Laser pulse amplification and dispersion compensation in an effectively extended optical cavity containing Bose-Einstein condensates

TL;DR

This paper proposes a laser pulse amplification method using Bose-Einstein condensates inside an optical cavity to compensate dispersion and increase pulse energy, analyzing the effects of slow light propagation and atom interactions.

Contribution

It introduces a novel pulse amplification scheme employing Bose-Einstein condensates for dispersion compensation and evaluates its efficiency and limitations.

Findings

Optimal amplification time is around 0.3 ms.

Amplification factor can reach approximately 100.

Bandwidth limits affect the minimum pulse width that can be amplified.

Abstract

We review and critically evaluate our proposal of a pulse amplification scheme based on two Bose-Einstein condensates inside the resonator of a mode-locked laser.
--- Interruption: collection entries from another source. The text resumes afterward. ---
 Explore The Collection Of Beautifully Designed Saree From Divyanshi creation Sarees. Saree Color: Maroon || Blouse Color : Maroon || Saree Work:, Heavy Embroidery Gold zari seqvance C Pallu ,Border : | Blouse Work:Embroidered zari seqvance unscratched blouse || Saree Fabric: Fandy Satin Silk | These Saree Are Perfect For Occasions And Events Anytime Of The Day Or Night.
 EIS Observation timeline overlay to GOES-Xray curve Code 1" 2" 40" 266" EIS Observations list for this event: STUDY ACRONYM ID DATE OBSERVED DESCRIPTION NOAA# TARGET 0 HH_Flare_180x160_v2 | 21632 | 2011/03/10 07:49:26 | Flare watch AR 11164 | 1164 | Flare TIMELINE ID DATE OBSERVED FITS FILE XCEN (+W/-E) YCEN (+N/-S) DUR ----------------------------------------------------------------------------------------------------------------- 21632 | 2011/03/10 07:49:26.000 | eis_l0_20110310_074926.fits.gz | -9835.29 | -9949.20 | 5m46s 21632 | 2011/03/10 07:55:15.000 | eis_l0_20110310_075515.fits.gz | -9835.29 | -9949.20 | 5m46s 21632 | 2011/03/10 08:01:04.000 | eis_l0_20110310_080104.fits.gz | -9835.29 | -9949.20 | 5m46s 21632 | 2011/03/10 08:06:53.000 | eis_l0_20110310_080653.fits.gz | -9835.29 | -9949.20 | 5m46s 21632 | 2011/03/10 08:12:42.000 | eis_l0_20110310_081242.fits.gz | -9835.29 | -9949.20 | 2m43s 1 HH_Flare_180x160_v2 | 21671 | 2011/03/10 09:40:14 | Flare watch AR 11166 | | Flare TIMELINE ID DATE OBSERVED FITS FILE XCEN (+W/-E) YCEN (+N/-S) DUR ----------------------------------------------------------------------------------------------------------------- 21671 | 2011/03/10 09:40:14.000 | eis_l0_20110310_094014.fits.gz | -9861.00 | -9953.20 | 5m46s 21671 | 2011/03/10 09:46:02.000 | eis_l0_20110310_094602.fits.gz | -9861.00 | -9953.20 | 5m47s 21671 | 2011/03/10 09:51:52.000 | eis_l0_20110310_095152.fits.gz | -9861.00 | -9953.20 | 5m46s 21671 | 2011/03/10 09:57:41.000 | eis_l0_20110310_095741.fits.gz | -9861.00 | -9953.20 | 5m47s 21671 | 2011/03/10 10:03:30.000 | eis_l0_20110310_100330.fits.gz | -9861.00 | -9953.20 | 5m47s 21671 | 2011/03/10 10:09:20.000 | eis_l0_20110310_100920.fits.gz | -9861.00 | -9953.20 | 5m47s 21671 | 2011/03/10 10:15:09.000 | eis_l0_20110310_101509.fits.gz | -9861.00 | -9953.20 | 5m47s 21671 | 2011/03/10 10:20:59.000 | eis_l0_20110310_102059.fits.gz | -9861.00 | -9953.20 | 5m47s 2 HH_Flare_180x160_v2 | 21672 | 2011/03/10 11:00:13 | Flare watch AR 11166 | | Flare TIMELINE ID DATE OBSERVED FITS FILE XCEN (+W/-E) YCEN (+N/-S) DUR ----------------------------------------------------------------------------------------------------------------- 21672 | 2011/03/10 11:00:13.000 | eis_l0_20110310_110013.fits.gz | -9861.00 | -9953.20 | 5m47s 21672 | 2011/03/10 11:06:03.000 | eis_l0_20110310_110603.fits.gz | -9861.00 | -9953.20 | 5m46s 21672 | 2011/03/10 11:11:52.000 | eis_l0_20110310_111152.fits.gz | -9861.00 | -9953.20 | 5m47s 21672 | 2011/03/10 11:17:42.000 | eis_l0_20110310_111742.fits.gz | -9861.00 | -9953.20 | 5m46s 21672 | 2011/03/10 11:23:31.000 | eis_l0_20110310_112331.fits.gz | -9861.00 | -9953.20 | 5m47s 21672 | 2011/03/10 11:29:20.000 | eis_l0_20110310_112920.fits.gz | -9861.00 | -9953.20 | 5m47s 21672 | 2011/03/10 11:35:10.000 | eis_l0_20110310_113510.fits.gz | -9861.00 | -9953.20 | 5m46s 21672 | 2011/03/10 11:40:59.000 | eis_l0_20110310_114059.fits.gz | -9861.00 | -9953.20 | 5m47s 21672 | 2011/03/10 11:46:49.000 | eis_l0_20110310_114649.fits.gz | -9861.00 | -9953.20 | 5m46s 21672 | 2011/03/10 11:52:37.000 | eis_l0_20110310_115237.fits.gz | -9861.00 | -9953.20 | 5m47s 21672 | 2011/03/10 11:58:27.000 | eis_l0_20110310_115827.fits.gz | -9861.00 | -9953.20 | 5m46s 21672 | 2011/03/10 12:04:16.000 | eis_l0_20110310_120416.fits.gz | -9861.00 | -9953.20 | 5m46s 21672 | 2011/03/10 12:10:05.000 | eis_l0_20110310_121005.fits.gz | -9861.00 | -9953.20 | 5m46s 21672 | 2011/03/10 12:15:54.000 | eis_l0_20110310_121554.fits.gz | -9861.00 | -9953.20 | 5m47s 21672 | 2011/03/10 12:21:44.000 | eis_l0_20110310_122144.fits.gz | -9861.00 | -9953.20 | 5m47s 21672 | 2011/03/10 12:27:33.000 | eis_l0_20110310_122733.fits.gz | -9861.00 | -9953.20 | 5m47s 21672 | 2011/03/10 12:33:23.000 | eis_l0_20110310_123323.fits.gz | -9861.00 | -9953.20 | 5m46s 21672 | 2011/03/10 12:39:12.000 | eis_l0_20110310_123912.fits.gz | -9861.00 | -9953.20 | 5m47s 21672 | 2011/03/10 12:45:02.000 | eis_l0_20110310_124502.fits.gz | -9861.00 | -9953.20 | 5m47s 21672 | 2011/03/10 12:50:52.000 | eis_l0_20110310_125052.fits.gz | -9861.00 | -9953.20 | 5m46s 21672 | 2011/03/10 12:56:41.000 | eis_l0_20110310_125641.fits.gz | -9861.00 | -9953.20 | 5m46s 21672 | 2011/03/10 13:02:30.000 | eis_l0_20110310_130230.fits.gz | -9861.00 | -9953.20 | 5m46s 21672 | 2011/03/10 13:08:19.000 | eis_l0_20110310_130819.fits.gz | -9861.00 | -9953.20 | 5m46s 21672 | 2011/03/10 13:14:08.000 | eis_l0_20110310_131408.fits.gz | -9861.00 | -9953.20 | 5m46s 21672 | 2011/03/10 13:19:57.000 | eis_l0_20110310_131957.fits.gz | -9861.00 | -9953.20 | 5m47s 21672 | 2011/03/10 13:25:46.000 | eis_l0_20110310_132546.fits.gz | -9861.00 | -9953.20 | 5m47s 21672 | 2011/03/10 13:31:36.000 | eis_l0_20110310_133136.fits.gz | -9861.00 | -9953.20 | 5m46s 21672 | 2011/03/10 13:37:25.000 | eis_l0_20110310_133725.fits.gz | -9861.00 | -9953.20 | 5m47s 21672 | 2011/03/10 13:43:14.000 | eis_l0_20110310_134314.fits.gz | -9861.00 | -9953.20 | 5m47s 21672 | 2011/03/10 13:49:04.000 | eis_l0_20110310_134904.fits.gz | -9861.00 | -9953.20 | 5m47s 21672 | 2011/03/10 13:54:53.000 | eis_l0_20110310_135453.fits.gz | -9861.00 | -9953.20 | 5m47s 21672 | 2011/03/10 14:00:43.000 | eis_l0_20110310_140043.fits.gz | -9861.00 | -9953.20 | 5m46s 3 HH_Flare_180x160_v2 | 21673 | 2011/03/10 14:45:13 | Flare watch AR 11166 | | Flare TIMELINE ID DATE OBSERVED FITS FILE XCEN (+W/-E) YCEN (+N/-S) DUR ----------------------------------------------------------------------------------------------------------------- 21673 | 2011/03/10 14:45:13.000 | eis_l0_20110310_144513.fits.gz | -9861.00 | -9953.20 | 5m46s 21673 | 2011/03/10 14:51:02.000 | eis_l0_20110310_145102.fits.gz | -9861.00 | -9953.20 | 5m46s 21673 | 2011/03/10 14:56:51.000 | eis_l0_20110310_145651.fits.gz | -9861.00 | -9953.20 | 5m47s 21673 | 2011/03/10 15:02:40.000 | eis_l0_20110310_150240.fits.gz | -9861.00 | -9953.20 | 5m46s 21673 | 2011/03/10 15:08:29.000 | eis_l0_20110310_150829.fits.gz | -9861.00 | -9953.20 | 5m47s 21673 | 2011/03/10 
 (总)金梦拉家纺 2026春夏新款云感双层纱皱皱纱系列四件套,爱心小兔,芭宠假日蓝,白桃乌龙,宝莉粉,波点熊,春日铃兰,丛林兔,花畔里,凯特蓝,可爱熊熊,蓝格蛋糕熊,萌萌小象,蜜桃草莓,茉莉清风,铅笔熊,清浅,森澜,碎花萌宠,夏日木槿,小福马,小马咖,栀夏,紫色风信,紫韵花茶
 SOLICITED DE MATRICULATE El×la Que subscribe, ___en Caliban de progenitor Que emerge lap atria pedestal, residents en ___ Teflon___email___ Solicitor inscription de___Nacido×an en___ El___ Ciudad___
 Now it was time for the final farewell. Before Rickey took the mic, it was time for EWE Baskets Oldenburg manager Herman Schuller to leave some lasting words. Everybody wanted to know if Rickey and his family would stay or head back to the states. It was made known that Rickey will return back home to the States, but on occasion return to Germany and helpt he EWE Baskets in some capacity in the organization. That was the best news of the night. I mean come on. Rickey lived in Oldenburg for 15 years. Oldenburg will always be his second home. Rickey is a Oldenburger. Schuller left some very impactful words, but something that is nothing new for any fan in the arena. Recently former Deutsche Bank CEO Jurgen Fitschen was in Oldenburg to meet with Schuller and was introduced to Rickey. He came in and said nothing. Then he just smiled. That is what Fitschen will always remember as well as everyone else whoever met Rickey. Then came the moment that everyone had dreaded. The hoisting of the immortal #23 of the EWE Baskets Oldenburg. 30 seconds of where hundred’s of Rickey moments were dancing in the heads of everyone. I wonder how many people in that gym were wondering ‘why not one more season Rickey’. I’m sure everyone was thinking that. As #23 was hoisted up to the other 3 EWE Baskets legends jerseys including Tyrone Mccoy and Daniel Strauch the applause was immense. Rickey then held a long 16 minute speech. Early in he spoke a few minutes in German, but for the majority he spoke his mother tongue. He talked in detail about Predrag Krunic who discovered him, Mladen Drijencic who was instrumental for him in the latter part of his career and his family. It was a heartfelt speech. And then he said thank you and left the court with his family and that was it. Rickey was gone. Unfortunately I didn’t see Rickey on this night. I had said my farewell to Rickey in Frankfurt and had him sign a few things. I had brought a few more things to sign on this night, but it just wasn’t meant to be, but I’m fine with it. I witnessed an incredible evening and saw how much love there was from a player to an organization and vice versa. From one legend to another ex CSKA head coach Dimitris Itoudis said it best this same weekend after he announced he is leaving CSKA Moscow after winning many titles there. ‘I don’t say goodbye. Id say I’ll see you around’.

Two condensates are used for compensating the group velocity dispersion. Ultraslow light propagation through the condensate leads to a considerable increase in the cavity round-trip delay time, lowers the effective repetition rate of the laser, and hence scales up the output pulse energy. It has been recently argued that atom-atom interactions would make our proposal even more efficient. However, neither in our original proposal nor in the case of interactions, limitations due to heating of the condensates by optical energy absorption were taken into account. Our results show that there is a critical time of operation, $~0.3$ ms, for the optimal amplification factor, which is in the order of $\sim 10^2$ at effective condensate lengths in the order of $\sim 50$ $\mu$m. The bandwidth limitation of the amplifier on the minimum temporal width of the pulse that can be amplified with this technique is also discussed.